**Exercise:** Please output the listing below character for character and omit the images.

** Information provided follows **

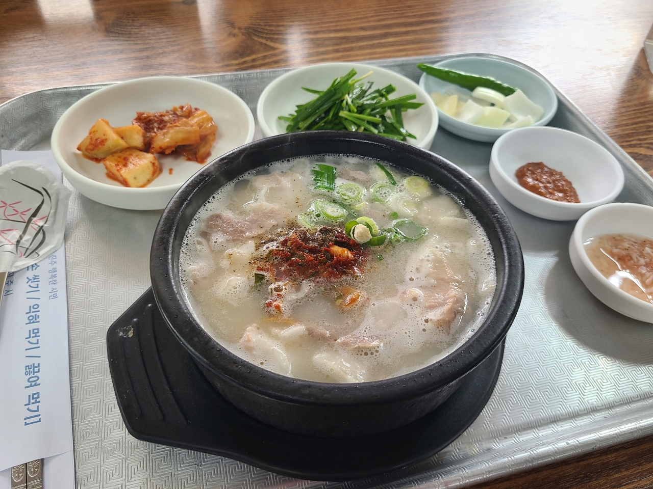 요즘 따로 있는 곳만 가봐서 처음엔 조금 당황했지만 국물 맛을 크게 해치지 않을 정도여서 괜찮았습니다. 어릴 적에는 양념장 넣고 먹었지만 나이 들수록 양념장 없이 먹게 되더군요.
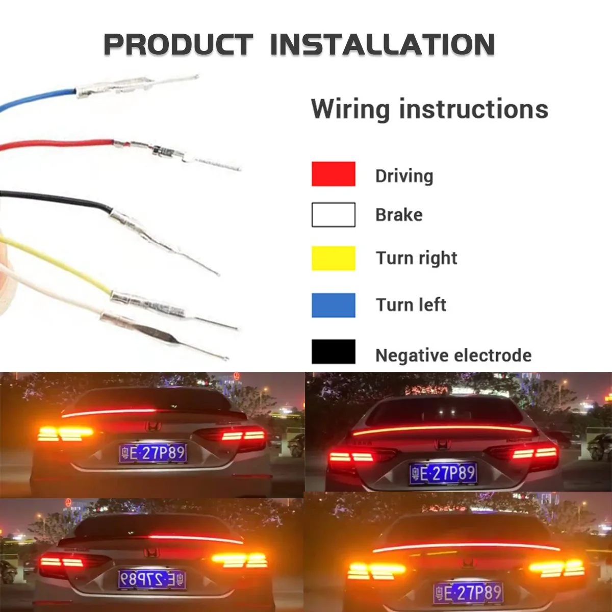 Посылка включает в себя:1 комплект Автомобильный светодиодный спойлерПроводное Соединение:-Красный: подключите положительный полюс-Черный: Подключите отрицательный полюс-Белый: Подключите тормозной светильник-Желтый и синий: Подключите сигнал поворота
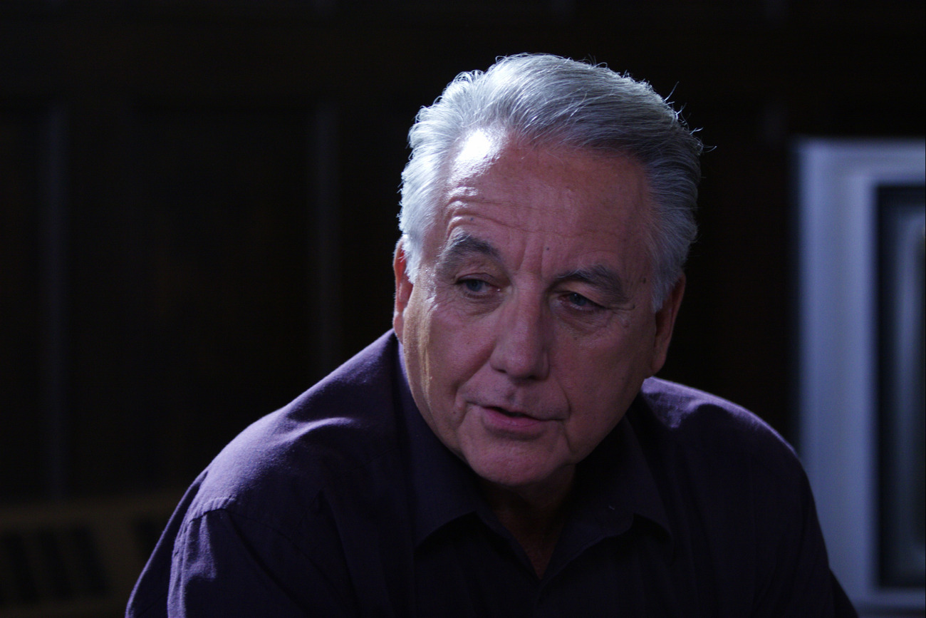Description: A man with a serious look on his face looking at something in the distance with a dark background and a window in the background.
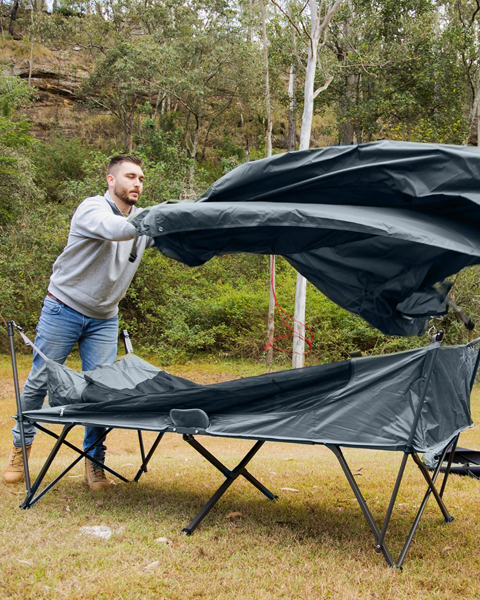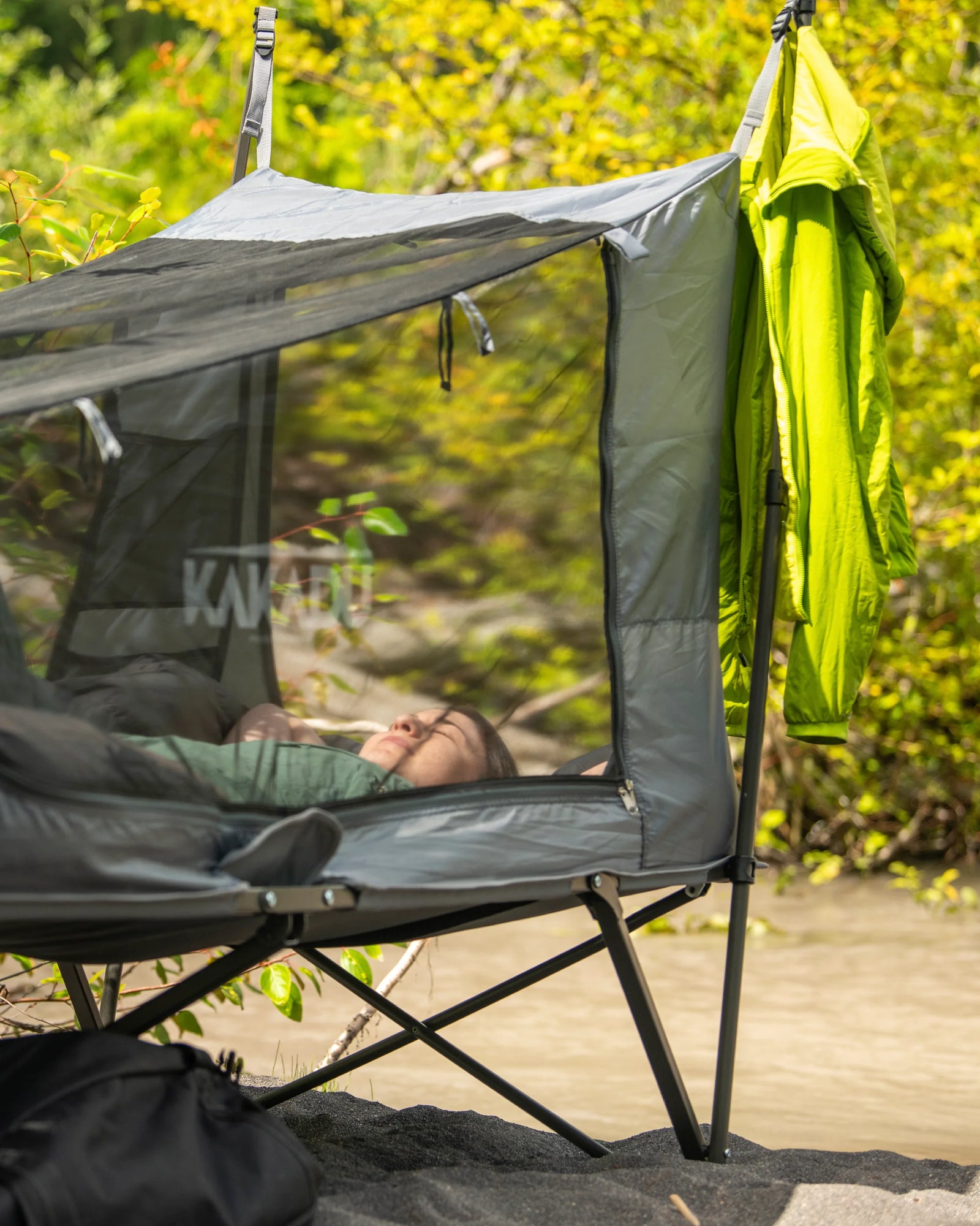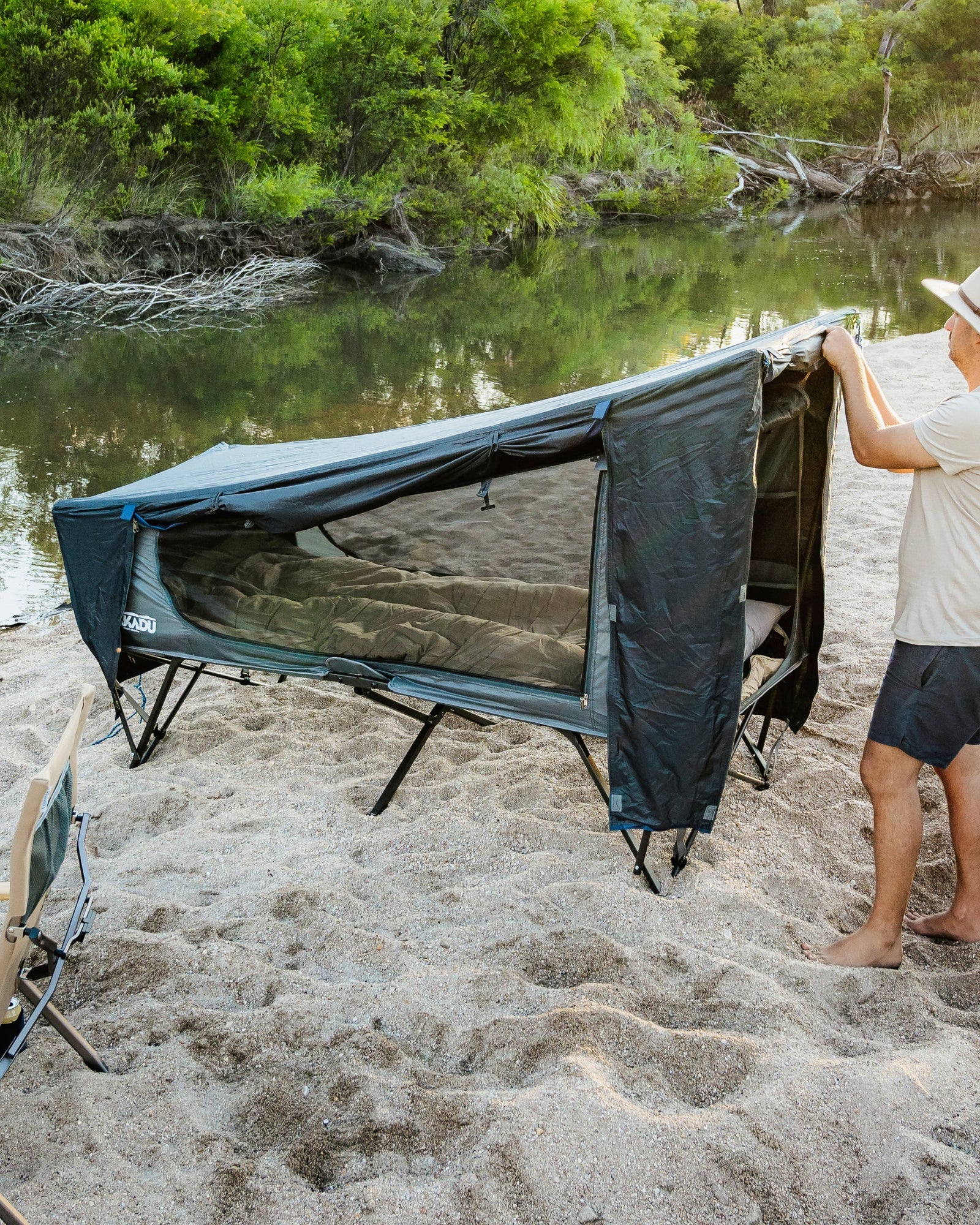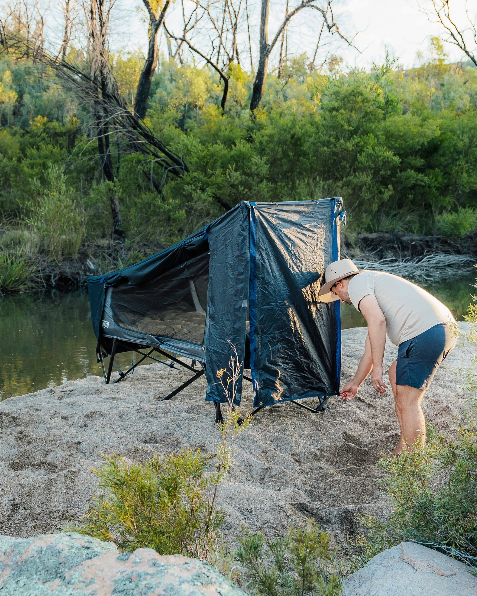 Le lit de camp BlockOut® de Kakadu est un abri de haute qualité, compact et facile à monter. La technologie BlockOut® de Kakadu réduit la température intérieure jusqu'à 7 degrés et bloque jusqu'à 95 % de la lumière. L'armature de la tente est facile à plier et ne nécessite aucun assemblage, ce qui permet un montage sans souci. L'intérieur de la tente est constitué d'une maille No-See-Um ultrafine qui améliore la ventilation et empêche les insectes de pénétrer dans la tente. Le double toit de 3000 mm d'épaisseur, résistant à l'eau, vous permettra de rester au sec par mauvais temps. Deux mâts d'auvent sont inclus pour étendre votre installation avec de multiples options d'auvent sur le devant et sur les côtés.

** End of Information provided **

**Response to this exercise:**
 요즘 따로 있는 곳만 가봐서 처음엔 조금 당황했지만 국물 맛을 크게 해치지 않을 정도여서 괜찮았습니다. 어릴 적에는 양념장 넣고 먹었지만 나이 들수록 양념장 없이 먹게 되더군요.
 Посылка включает в себя:1 комплект Автомобильный светодиодный спойлерПроводное Соединение:-Красный: подключите положительный полюс-Черный: Подключите отрицательный полюс-Белый: Подключите тормозной светильник-Желтый и синий: Подключите сигнал поворота
Description: A man with a serious look on his face looking at something in the distance with a dark background and a window in the background.
 Le lit de camp BlockOut® de Kakadu est un abri de haute qualité, compact et facile à monter. La technologie BlockOut® de Kakadu réduit la température intérieure jusqu'à 7 degrés et bloque jusqu'à 95 % de la lumière. L'armature de la tente est facile à plier et ne nécessite aucun assemblage, ce qui permet un montage sans souci. L'intérieur de la tente est constitué d'une maille No-See-Um ultrafine qui améliore la ventilation et empêche les insectes de pénétrer dans la tente. Le double toit de 3000 mm d'épaisseur, résistant à l'eau, vous permettra de rester au sec par mauvais temps. Deux mâts d'auvent sont inclus pour étendre votre installation avec de multiples options d'auvent sur le devant et sur les côtés.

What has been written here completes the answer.